Wszyscy szukają odpowiedzi na pytanie, jak rozpoznać samochód po powodzi. Ale jednak warto również powiedzieć sobie, dlaczego takiego pojazdu nie warto kupować. Powód dość prozaiczny, ale ważny. Elektronika, która znajduje się w pojeździe, nie jest odporna na tak mocne działanie wody, która wdziera się dosłownie z każdej strony. Oczywiście, że współczesne auta przygotowane są na spotkania z myjnią, gdzie ma się do czynienia z dużą ilością wody. Tylko że jest to zupełnie inna sprawa i czysta woda. W przypadku powodzi ma się do czynienia ze szlamem i mułem, który osiada na elektronice, doprowadzając do jej uszkodzenia, co będzie też ujawniać się z czasem. Takie ukryte usterki objawiają się w najmniej spodziewanym momencie, np. podczas jazdy na wakacje, co też stanowić może realne zagrożenie nie tylko dla osób w aucie, ale także innych kierowców, jacy w tym momencie znajdować się będą na drodze.
Jak sprawdzić, czy auto nie jest po powodzi?

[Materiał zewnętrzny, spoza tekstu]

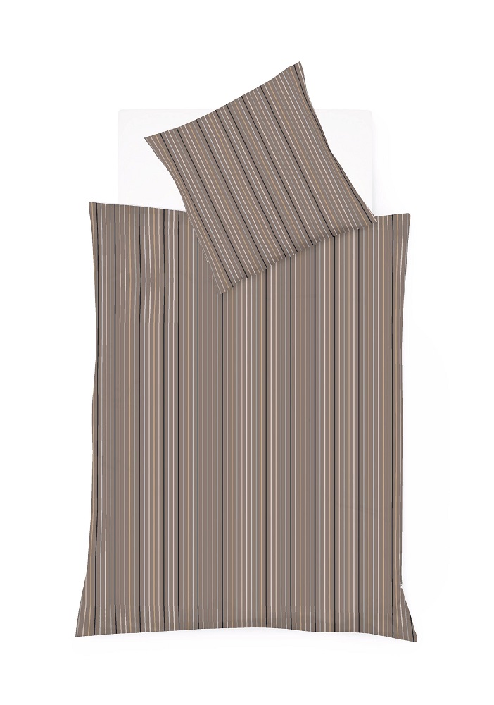 Die Bettwäsche besteht aus 100 % naturreiner Baumwolle, verarbeitet in feiner Mako‑Satinbindung. Durch die besondere Webart entsteht eine glatte, seidige Oberfläche mit zartem Glanz und einer edlen Textur. Die Streifenstruktur verleiht dem Stoff Tiefe und Visualität, ohne aufdringlich zu sein. Sorgfältig gearbeitete Nähte und saubere Abschlüsse zeigen handwerkliche Liebe zum Detail und sichern eine langlebige, wertige Verarbeitung, die viele Nächte unbeschwerten Schlafs erlaubt.

Pamiętając o kilku ważnych kwestiach, jakie można uporządkować w podpunktach. Pierwszym z nich może być podejrzanie niska cena. To fakt, właściciel może sprzedawać swój samochód, ponieważ ma inne kłopoty finansowe, ale jednak warto się upewnić, czy tak jest faktycznie, że auto nie brało udziału w żadnym zalaniu. Inne czynniki, które powinny wzbudzić dzwonek alarmowy, to:
- zielony osad na listwach i uszczelkach,
- ślady mułu, jakie mogły ostać się pod klapką wlewu paliwa,
- kontrolka “check engine“, która pali się z niewyjaśnionych przez właściciela, przyczyn,
- szary osad, jaki znaleźć można pod uszczelkami, znajdującymi się na powierzchni całego samochodu,
- zaciski hamulcowe, które objęte będą rdzą,
- nieczytelne wyświetlacze, które będą w całości lub w części zaparowane,
- osady w nadkolach i pod osłonami amortyzatorów,
- smród stęchlizny, który wydobywać się będzie z auta,
- problemy z oświetleniem,
- brak dywaników na podłodze.
Warto więc poważnie podejść do zakupu samochodu.